Anglican Archbishop Desmond Tutu, the Nobel Peace Prize-winning Anglican cleric whose inspiring message and conscientious work for civil and human rights made him a revered leader during the struggle to end apartheid in South Africa, died at age 90 on Dec. 26. CNS photo/Allison Joyce, Reuters

A life of hope and justice: Archbishop Desmond Tutu

By  Bronwen Dachs, Catholic News Service
  • January 5, 2022

CAPE TOWN, South Africa -- Anglican Archbishop Desmond Tutu’s compassion and sense of humour, as well as his commitment to justice and processes of peace, were among the many reasons he was an icon, said Bishop Kevin Dowling of Rustenburg.

The retired Anglican archbishop of Cape Town — who in 1984 won the Nobel Peace Prize in recognition of his efforts to bring about a peaceful transition to a society with equal rights for all — died in Cape Town Dec. 26 at the age of 90.

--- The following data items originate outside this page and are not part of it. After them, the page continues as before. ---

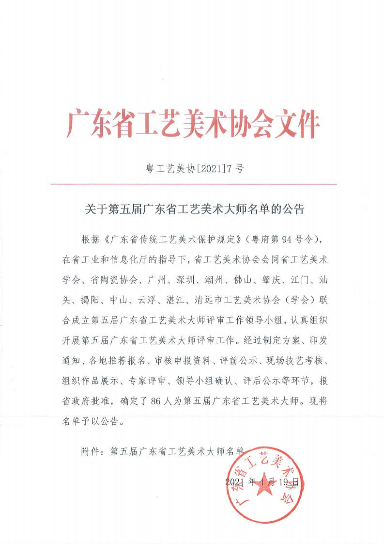 省委、省政府高度重视工艺美术行业发展,采取一系列有力措施保护与发展我省工艺美术产业,去年颁布了《广东省工艺美术保护和发展条例》,为进一步促进工艺美术保护和发展提供了明确的法律依据。近年来,我省工艺美术行业取得了长足发展,相继打造出一批产业集群和特色区域,专业人才持续涌现,截至目前共有中国工艺美术大师43名,广东省工艺美术大师377名。
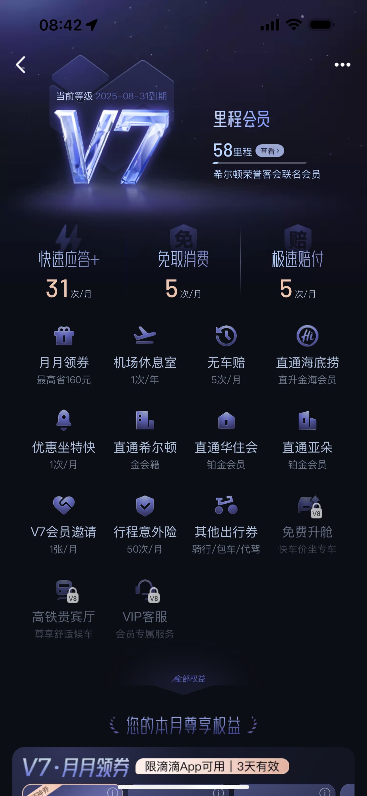 这个滴滴V7真有点东西的,虽然除了可以手动领几张8折券,没有说有其他价格优惠,但我怀疑会影响定价。
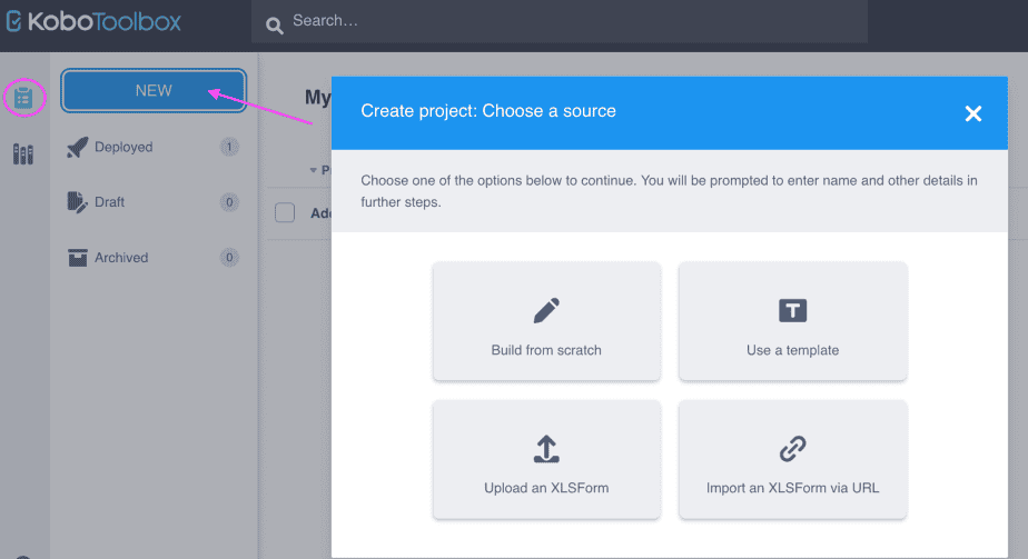 To create a new form from scratch in KoboToolbox, go to Projects, then click new.
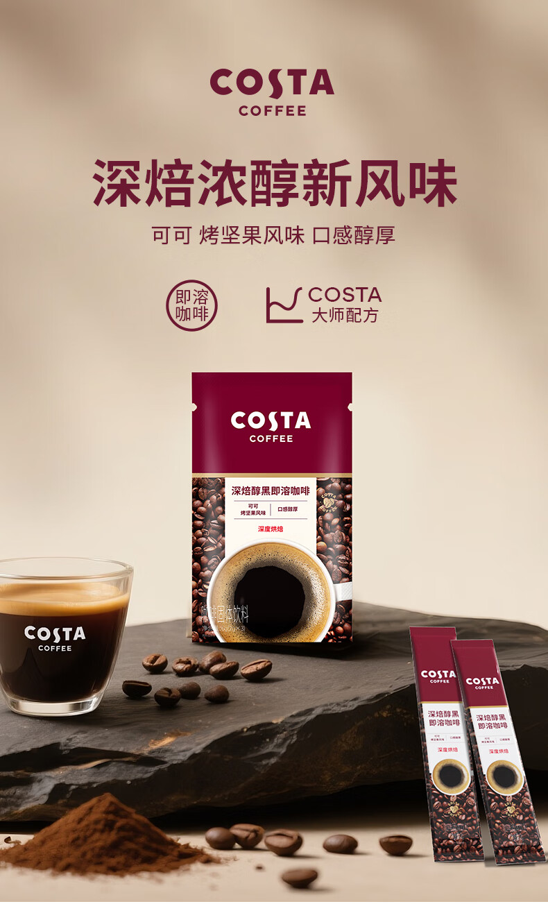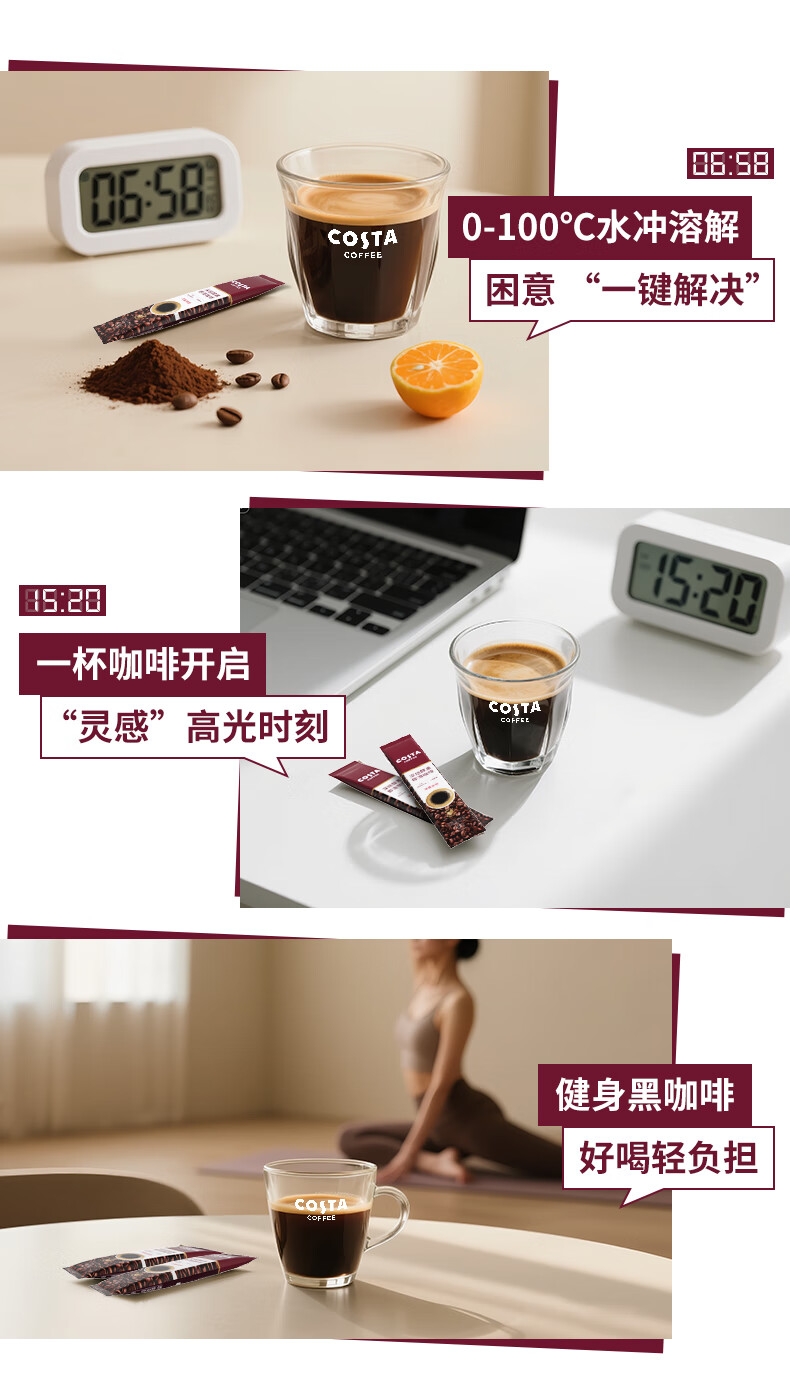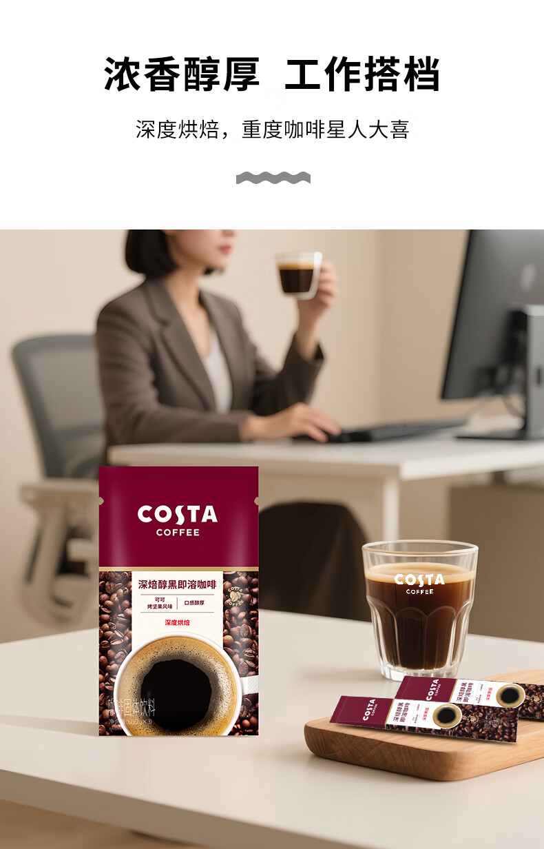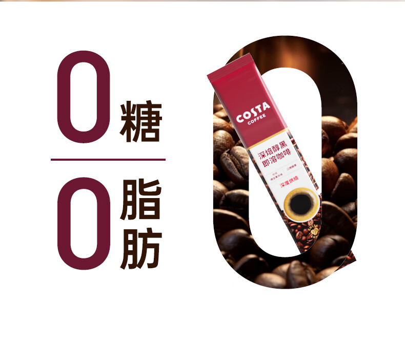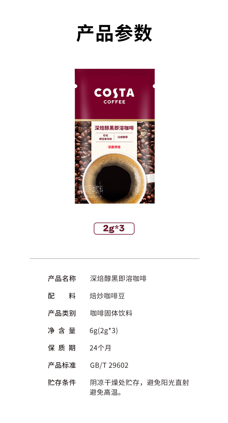 COSTA速溶咖啡美式深烘0糖0脂纯黑咖啡粉冷热即溶400次运动健身2g*3条

When he was asked at a meeting of young people why he was always so positive, Archbishop Tutu told them, “I’m a prisoner of hope,” Dowling said. “That sums up his life,” the bishop said in a Dec. 26 telephone interview.

Dowling said there was a great affection and respect among the late Catholic Archbishop Denis Hurley of Durban, the late Rev. Beyers Naude, an Afrikaner cleric who condemned his church’s support for apartheid, and Archbishop Tutu.

Like Archbishop Hurley — “on whose shoulders we stood,” as Archbishop Tutu once put it — the Anglican cleric condemned apartheid as a heresy. The blasphemy of apartheid, Archbishop Tutu said repeatedly, “is that it can make a child of God doubt that he or she is a child of God.”

Dowling said he still has a letter of support Archbishop Tutu sent him decades ago when he was struggling in his work against human rights abuses in his largely rural diocese.

“That’s the kind of person he was; he would take the time to write a letter to an insignificant bishop in a remote area,” he said.

“There is no doubt that his passion and commitment to human rights were rooted in his spiritual life,” said the bishop, who got to know Archbishop Tutu through ecumenical meetings to examine the post-apartheid role of churches in South Africa.

Dowling testified as a witness to atrocities in Rustenburg diocese during hearings of South Africa’s Truth and Reconciliation Commission, which Archbishop Tutu headed. The commission probed human rights abuses during the apartheid era.

As well as working for South Africa’s liberation from apartheid and against corruption in post-apartheid South Africa, Archbishop Tutu did a “tremendous amount of work internationally for human rights,” Dowling said, noting that the archbishop chaired the Elders for six years and continued to serve as an elder emeritus. The Elders is an international organization of public figures brought together by Nelson Mandela in 2007.

When Archbishop Tutu headed the South African Council of Churches in the late 1970s, he instituted a daily 7 a.m. Eucharist and the Angelus at noon.

“A lot of people thought he was Catholic,” said Fr. Russell Pollitt, director of the Jesuit Institute in Johannesburg.

The archbishop “was a leader with integrity, with an extraordinary ability to bring people together,” Pollitt said. While “we have lots of people in leadership positions, we don’t have many leaders” in South Africa, he said.

Pope Francis was saddened to learn of the death of Archbishop Tutu and sent “heartfelt condolences to his family and loved ones,” Cardinal Pietro Parolin, Vatican secretary of state, said in a Dec. 26 message.

“Mindful of his service to the Gospel through the promotion of racial equality and reconciliation in his native South Africa, His Holiness commends his soul to the loving mercy of almighty God,” it said.

Pope Francis wrote in his encyclical, “Fratelli Tutti, on Fraternity and Social Friendship,” that Archbishop Tutu was among the people who inspired him.

In 1987, Archbishop Tutu received a prestigious Catholic honour: the Pacem in Terris Award, named after St. John XXIII’s landmark encyclical on peace on Earth.

Archbishop Tutu visited Canada several times, including a 1986 visit in which he asked the country for help in ending apartheid. Shortly after, Canada led a campaign among Commonwealth countries to impose trade sanctions against the South African government.

Archbishop Tutu also received several honours in Canada. In 2000, he was given an honorary Doctor of Laws from the University of Toronto as well as a doctorate of divinity from Trinity College.